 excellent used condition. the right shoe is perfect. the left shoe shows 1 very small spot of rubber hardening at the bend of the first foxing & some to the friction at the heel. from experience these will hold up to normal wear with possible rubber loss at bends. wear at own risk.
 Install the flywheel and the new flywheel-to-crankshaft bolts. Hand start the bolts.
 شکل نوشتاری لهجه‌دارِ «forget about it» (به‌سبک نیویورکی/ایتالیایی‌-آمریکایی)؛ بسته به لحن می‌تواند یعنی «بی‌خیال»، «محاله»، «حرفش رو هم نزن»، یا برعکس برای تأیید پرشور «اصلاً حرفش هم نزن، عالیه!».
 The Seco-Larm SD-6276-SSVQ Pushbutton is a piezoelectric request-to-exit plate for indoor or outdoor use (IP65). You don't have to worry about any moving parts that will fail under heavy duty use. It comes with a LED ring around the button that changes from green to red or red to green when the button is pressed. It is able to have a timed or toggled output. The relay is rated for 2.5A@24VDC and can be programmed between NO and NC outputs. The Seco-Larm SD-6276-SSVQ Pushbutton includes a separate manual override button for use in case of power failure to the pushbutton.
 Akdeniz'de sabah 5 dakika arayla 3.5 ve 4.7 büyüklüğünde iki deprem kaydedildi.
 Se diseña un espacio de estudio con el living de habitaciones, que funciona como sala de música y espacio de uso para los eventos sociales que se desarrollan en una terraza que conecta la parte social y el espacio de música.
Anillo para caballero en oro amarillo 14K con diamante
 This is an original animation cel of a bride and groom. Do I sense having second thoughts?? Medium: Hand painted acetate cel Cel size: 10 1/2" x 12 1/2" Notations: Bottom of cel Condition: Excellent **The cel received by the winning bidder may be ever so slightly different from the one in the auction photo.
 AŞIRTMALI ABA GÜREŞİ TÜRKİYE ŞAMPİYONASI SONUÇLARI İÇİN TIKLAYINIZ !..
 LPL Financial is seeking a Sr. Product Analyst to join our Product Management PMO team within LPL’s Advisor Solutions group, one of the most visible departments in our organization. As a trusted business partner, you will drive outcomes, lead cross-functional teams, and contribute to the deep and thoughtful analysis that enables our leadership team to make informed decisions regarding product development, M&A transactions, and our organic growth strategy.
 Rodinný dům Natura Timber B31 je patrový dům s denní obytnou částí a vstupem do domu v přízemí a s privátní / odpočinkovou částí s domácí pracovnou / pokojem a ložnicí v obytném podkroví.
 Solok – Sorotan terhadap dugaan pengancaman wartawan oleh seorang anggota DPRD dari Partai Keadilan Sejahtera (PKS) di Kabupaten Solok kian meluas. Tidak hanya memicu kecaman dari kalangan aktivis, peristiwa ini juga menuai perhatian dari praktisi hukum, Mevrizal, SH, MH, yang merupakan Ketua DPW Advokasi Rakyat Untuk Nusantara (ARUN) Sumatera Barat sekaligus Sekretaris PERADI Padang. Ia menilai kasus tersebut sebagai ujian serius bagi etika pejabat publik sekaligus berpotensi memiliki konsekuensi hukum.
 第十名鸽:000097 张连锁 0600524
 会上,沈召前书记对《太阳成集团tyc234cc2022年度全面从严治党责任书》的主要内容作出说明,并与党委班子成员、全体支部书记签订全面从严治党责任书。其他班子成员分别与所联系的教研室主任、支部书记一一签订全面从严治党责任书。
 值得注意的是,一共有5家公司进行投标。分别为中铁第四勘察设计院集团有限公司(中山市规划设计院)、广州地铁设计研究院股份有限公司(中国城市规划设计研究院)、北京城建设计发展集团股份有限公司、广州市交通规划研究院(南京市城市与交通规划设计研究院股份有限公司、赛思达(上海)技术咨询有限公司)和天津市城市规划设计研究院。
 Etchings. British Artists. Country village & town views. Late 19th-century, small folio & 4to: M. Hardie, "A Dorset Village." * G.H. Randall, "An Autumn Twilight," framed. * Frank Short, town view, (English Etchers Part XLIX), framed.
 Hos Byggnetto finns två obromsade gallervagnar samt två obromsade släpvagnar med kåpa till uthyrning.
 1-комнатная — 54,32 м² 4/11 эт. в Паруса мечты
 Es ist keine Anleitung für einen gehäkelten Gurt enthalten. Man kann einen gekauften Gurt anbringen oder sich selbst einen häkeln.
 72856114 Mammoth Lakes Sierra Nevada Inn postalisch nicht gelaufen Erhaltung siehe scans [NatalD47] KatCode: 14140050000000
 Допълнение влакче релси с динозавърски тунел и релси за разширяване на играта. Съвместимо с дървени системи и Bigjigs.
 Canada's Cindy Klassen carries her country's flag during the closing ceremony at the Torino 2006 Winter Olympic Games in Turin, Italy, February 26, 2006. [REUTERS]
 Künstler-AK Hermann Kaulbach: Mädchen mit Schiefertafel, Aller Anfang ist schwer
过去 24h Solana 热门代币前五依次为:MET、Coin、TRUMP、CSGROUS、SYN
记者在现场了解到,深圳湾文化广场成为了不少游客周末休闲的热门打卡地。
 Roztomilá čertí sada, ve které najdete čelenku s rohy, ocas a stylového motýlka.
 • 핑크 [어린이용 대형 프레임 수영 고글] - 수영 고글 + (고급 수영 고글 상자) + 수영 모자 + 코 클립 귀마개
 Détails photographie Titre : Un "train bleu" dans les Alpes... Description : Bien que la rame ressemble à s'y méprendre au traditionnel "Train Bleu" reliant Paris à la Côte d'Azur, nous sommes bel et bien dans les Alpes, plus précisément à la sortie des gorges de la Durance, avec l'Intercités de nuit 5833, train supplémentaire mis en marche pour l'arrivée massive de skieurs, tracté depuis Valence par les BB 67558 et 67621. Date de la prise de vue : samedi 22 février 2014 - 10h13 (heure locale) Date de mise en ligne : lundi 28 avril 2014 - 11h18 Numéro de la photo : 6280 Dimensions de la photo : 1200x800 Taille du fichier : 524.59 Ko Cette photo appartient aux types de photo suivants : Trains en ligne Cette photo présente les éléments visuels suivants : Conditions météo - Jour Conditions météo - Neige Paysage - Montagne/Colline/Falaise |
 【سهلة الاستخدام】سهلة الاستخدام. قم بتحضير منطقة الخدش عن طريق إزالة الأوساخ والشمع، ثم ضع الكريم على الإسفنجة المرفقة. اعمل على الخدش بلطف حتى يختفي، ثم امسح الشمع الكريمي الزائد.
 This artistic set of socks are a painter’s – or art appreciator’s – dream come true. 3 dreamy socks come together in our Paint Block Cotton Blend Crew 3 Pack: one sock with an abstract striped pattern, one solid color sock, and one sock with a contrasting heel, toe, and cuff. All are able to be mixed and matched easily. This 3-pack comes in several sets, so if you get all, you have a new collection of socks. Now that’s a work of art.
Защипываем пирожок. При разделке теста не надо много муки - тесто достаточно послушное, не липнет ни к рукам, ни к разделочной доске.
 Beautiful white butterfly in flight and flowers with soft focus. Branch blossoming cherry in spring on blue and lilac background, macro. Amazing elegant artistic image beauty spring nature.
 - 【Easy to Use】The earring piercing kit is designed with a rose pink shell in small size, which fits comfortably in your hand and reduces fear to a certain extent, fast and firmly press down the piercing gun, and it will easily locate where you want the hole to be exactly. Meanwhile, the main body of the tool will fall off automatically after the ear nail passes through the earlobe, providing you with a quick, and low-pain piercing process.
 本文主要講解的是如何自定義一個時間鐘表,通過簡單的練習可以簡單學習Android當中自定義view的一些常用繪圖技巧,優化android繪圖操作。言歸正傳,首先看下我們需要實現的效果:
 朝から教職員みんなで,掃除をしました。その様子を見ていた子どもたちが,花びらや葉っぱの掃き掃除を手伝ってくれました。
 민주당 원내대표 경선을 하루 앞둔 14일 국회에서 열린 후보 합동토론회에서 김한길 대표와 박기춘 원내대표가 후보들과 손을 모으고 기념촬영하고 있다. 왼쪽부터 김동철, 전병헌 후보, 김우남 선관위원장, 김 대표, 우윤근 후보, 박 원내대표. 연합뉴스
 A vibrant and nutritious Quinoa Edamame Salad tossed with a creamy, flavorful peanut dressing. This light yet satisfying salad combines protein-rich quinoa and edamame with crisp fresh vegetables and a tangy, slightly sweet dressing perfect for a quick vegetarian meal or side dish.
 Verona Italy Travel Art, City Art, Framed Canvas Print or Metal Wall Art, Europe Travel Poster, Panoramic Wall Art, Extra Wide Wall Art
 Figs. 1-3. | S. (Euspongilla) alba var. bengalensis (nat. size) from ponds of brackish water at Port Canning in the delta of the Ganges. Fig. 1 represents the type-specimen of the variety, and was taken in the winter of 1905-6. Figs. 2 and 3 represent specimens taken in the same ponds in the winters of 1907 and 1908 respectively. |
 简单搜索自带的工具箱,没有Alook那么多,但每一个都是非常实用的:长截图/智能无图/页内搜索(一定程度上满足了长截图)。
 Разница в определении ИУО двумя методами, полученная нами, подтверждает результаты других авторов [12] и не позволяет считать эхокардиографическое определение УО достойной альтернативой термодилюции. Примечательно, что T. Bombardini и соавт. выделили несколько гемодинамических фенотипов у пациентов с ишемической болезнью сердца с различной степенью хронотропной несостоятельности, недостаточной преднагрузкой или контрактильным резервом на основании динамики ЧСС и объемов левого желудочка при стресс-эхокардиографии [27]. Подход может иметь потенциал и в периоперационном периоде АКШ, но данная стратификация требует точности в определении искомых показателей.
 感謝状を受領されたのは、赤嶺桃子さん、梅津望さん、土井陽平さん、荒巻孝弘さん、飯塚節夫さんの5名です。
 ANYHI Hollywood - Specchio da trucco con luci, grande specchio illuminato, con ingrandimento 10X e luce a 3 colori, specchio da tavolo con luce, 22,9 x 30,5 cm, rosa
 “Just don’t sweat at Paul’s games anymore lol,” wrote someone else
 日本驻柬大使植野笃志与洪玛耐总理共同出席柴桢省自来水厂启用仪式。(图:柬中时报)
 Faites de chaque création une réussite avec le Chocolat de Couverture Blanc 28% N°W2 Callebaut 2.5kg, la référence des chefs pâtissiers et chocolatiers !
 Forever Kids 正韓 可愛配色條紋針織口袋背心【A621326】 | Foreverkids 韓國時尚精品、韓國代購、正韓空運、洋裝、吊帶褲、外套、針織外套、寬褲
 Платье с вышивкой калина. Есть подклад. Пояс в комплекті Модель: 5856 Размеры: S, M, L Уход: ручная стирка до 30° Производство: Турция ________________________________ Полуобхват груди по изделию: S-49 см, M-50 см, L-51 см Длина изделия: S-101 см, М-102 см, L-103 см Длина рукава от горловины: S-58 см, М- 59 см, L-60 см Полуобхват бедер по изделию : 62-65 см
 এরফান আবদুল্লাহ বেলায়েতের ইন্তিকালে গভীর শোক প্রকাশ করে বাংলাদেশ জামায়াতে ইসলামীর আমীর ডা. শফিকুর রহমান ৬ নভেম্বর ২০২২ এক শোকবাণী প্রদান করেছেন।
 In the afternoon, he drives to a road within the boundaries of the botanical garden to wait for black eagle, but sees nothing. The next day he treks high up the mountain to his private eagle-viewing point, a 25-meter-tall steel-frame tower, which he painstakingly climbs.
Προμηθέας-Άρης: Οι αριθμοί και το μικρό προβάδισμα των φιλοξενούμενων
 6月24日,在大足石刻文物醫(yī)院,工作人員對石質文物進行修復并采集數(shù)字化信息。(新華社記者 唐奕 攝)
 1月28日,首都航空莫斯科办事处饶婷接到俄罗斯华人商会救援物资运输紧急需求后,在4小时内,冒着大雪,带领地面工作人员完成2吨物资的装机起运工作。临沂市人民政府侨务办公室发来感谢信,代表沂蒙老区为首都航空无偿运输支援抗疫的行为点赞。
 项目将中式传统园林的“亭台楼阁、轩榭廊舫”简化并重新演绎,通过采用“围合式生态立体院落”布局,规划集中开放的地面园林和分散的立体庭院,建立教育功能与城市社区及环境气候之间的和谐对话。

TASK DESCRIPTION: Across the records above, show each line containing the word "about".

FINAL ANSWER:
 شکل نوشتاری لهجه‌دارِ «forget about it» (به‌سبک نیویورکی/ایتالیایی‌-آمریکایی)؛ بسته به لحن می‌تواند یعنی «بی‌خیال»، «محاله»، «حرفش رو هم نزن»، یا برعکس برای تأیید پرشور «اصلاً حرفش هم نزن، عالیه!».
 The Seco-Larm SD-6276-SSVQ Pushbutton is a piezoelectric request-to-exit plate for indoor or outdoor use (IP65). You don't have to worry about any moving parts that will fail under heavy duty use. It comes with a LED ring around the button that changes from green to red or red to green when the button is pressed. It is able to have a timed or toggled output. The relay is rated for 2.5A@24VDC and can be programmed between NO and NC outputs. The Seco-Larm SD-6276-SSVQ Pushbutton includes a separate manual override button for use in case of power failure to the pushbutton.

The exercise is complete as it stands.